(What is needed)
Leaving out all pictures, repeat exactly the lines from the one that holds "Участок площадью 22" to the last line of the entries below.

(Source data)

+++

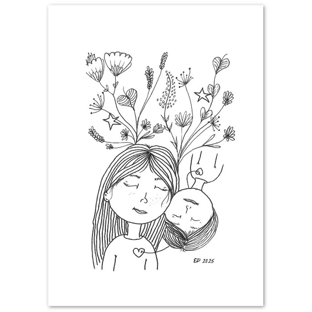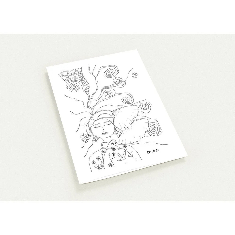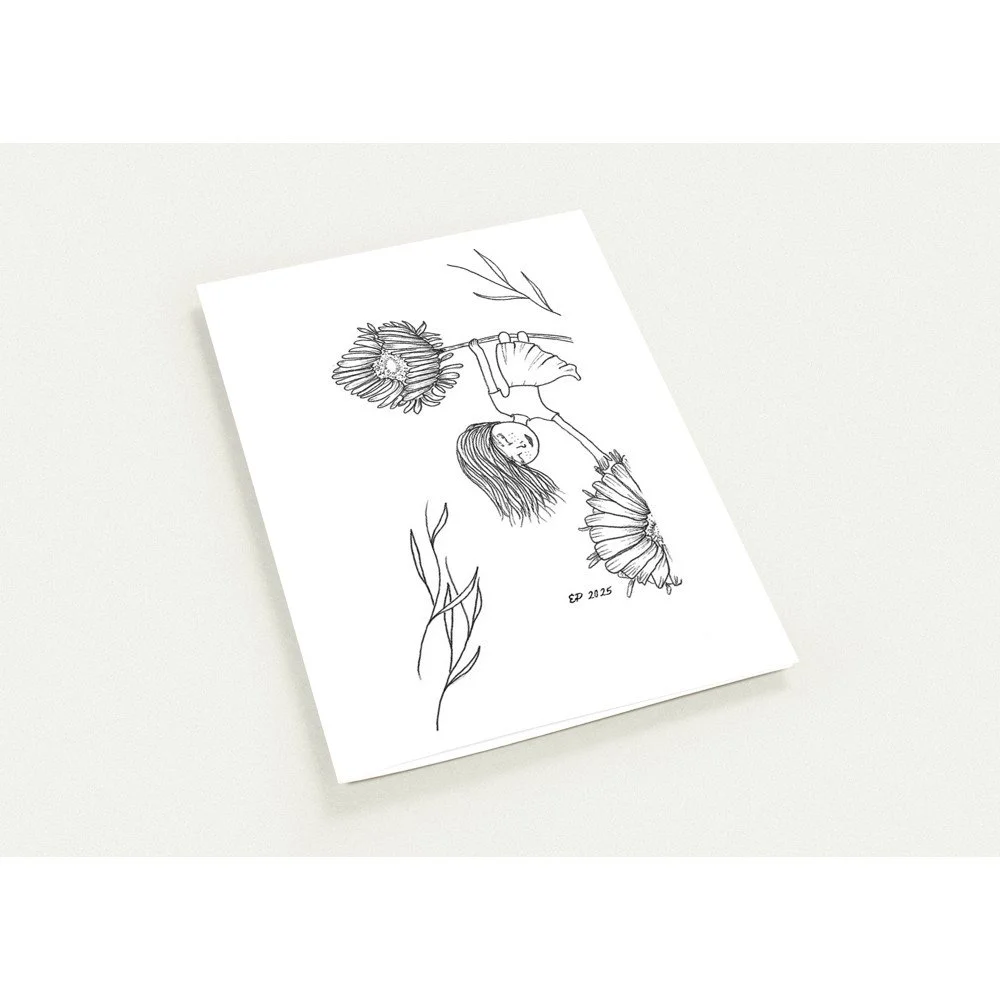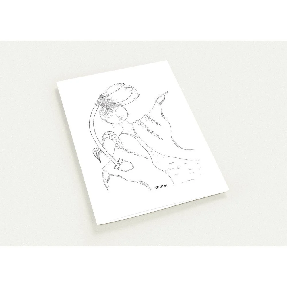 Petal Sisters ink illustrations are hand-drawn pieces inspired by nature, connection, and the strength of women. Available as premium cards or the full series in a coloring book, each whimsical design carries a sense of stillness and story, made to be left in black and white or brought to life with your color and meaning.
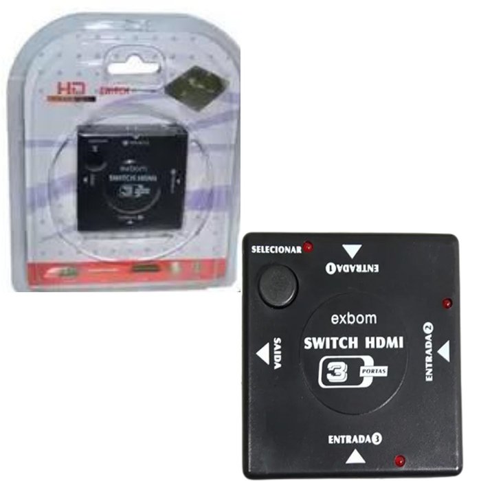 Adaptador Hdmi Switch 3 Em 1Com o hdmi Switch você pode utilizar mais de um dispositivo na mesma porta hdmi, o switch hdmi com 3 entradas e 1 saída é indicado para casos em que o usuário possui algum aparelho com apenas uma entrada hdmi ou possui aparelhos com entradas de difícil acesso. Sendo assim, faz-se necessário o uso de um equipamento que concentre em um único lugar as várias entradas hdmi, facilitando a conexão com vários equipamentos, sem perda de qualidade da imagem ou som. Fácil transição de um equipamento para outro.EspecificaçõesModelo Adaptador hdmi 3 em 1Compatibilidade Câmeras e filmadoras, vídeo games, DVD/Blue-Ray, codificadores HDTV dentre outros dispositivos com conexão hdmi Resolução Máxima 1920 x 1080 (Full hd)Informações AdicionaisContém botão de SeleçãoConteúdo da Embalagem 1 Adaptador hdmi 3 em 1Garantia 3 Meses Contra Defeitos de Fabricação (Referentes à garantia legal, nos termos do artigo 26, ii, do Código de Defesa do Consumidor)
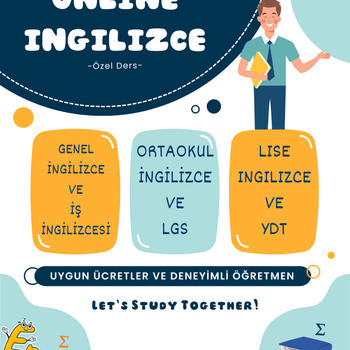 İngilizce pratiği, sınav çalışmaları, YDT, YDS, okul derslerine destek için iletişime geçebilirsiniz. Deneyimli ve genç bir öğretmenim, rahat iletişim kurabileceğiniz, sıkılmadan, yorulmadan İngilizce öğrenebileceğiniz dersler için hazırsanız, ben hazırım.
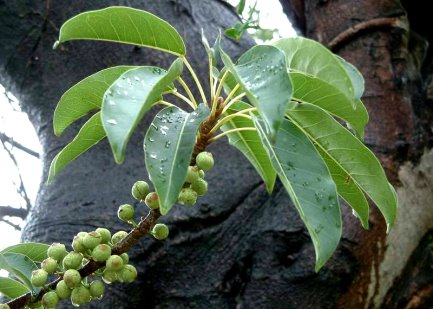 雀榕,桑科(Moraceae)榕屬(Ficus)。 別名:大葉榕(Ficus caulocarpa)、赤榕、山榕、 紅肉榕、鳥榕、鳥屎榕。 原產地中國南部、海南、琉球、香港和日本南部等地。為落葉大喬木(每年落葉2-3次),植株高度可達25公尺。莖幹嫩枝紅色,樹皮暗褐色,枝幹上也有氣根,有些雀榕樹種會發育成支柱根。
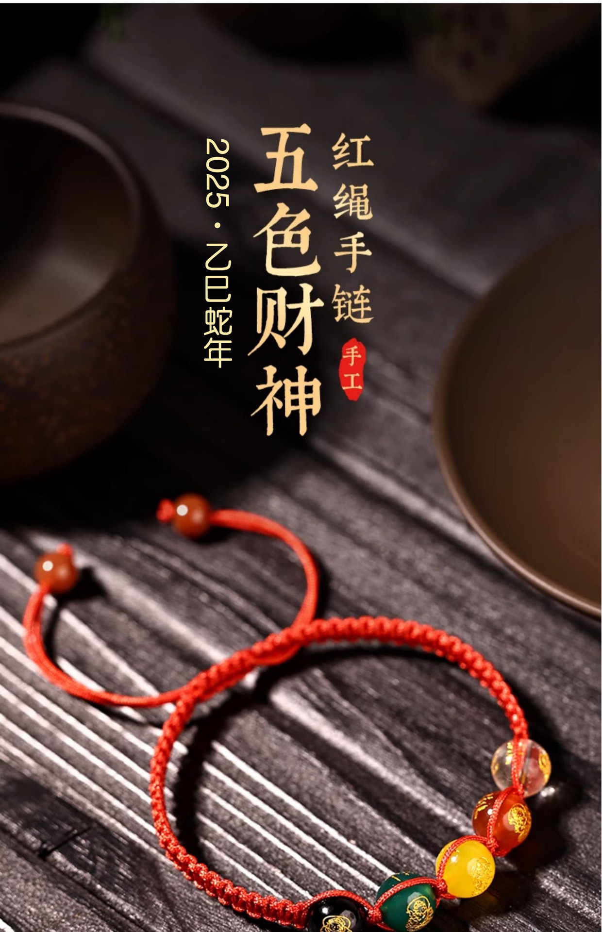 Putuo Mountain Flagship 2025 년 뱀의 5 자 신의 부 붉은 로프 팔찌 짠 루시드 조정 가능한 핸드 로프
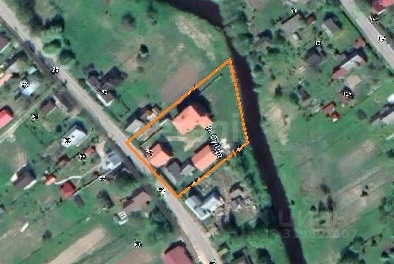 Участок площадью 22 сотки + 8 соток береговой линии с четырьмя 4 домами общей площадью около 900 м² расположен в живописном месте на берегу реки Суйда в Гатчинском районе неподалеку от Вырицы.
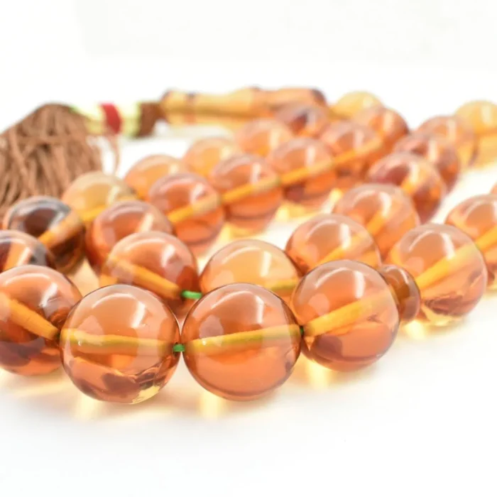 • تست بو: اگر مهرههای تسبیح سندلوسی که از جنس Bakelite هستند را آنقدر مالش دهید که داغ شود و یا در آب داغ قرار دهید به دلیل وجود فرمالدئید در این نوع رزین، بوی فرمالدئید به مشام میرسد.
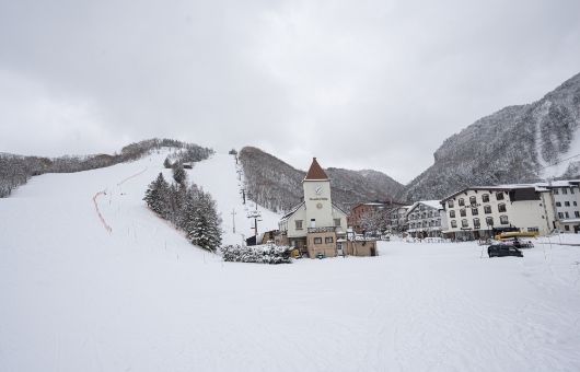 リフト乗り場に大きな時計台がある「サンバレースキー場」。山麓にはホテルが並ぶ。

+++

(Exercise solution)
 Участок площадью 22 сотки + 8 соток береговой линии с четырьмя 4 домами общей площадью около 900 м² расположен в живописном месте на берегу реки Суйда в Гатчинском районе неподалеку от Вырицы.
 • تست بو: اگر مهرههای تسبیح سندلوسی که از جنس Bakelite هستند را آنقدر مالش دهید که داغ شود و یا در آب داغ قرار دهید به دلیل وجود فرمالدئید در این نوع رزین، بوی فرمالدئید به مشام میرسد.
 リフト乗り場に大きな時計台がある「サンバレースキー場」。山麓にはホテルが並ぶ。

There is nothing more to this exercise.